I am against fideism. "Fide" is the Latin word for "faith", so "fideism" means literally "faith-ism", and by saying I am against it, I mean I am against faith. But by "faith" I don't mean any particular religious beliefs, such as belief in gods, souls, or afterlives, but rather a more abstract methodology that could underlie any particular opinion about any particular thing. I also don't mean just holding some opinion "on faith", as in without sufficient reason; I don't think you need reasons simply to hold an opinion yourself. I am only against appeals to faith, by which I mean I am against assertions — statements not merely to the effect that one is of some opinion oneself, but that it is the correct opinion, that everyone should adopt — that are made arbitrarily; not for any reason, not "because of..." anything, but "just because"; assertions that some claim is true because it just is, with no further justification to back that claim up. I am against assertions put forth as beyond question, for if they needed no justification to stand then there could be no room to doubt them.

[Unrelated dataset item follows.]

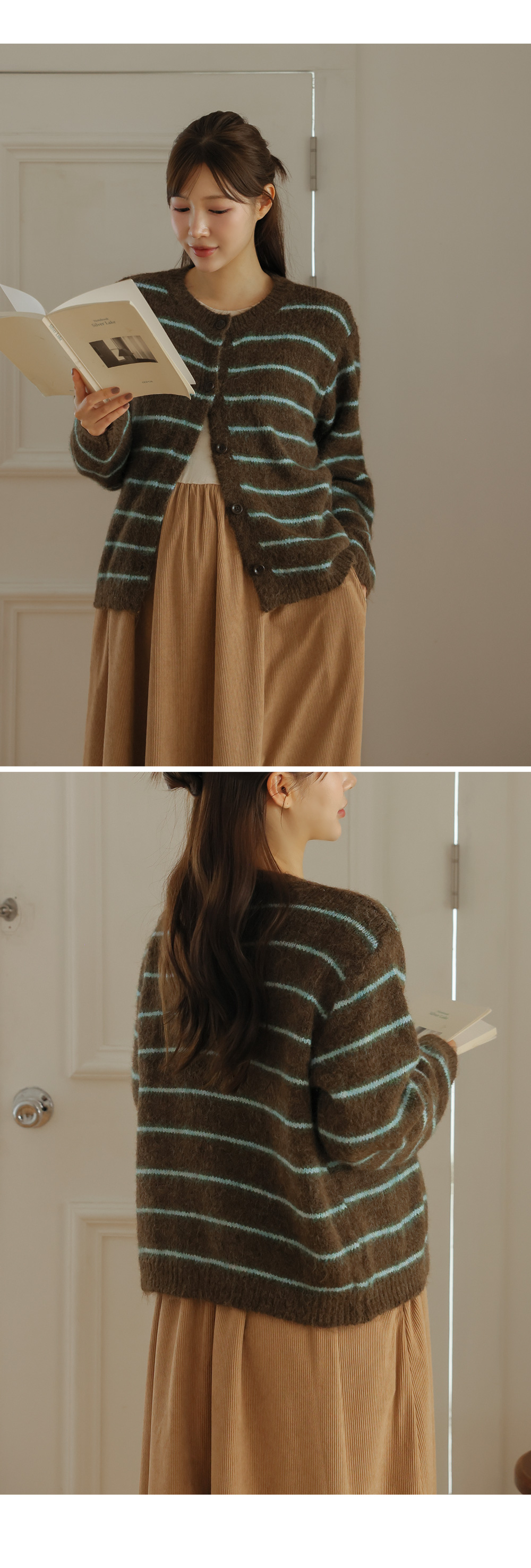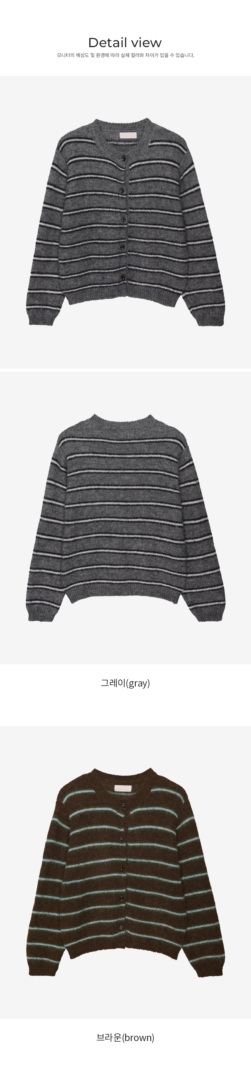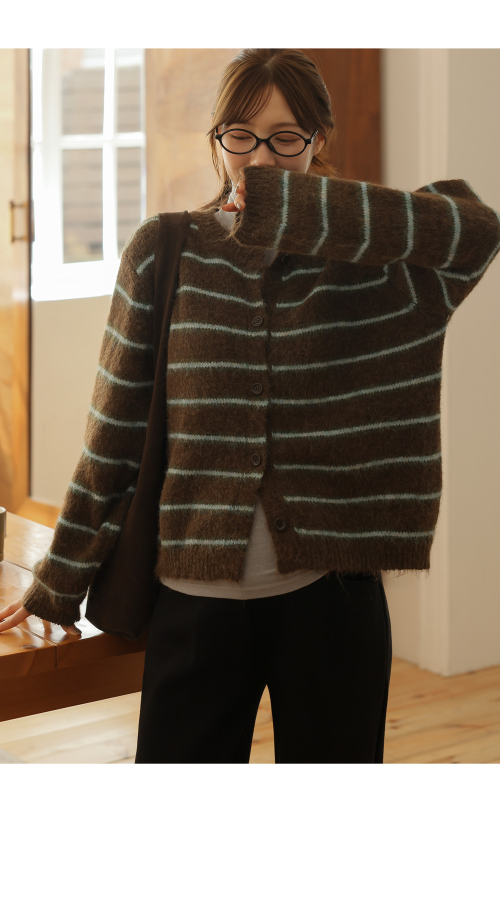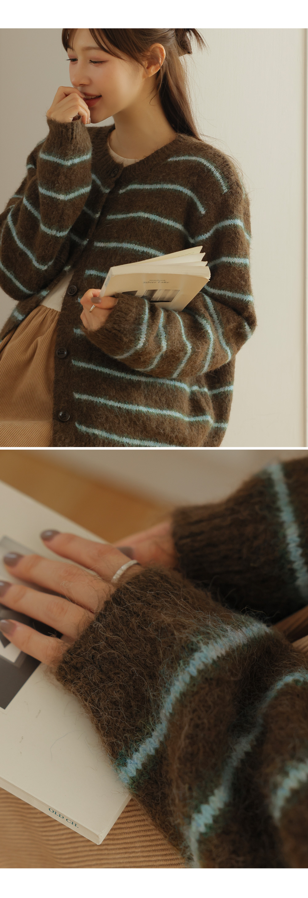 포슬포슬 헤어리한 소재감 또렷한 배색감이 예쁜 가디건 MD's comment - 포슬포슬 올라온 헤어리한 가디건 - 포근하고 유연한 니트 소재 - 또렷한 배색 스트라이프로 포인트 :) - 과하지 않게 여유로운 실루엣 - 데일리하기 좋은 적당한 기장감

In short, I am against supposing that there are any such things as unquestionable answers.

I object to fideism thus defined on pragmatic grounds. As I have said, and will elaborate in my essay against cynicism, I think it is fine and even unavoidable that we pick our initial opinions arbitrarily, for no good reason. But when we do, we then have a very high chance of those initial opinions just happening to be wrong. If we go on to hold those arbitrary opinions (that we just happened into for no solid reason) to be above question, which is the defining characteristic of fideism as I mean it here, then we will never change away from those wrong opinions, and will remain wrong forever. Only by rejecting fideism, and remaining always open to the possibility that there may be reasons to reject our current opinions, do we open up the possibility of our opinions becoming more correct over time. So if we ever want to have more than an arbitrary chance of our opinions being right, we must always acknowledge that there is a chance that our opinions are wrong.

In the remainder of this essay I will argue that a variety of other philosophical views are effectively tantamount to fideism of one sort or another. First, I will argue that appeals to intuition, about either reality or morality, are the essential core of appeals to faith. Then, I will argue that appeals to authority, be it authority about reality or about morality, are essentially appeals to one's own intuition that the chosen authority is correct. And lastly, I will argue that appeals to popularity, in matters concerning either reality or morality, are essentially appeals to popular authority, and so likewise tantamount to appeals to faith.

Against Intuitionism

Appeals to intuition are the essential core of appeals to faith. The mere fact that you hold an opinion, or that some opinion seems like the correct one to you, doesn't constitute a good reason for anyone to adopt that opinion. Your own assertions should be open to question, not only by other people, but by yourself; you should question whether and why you should accept what you yourself think is true. However, very importantly, I am not saying to automatically reject all opinions that you cannot ground with a chain of solid reasons, for as I elaborate in my essay against cynicism, I hold that it is impossible in principle to ever do so for any opinion, so to insist that you reject everything until you achieve that impossibility would be to insist that you reject everything, completely, forever. I am as against that as I am against fideism. I think it is fine, and necessary, to tentatively hold some opinions that you cannot justify from the ground up, just because they seem to be true to you. All I am against is holding those opinions to be beyond question.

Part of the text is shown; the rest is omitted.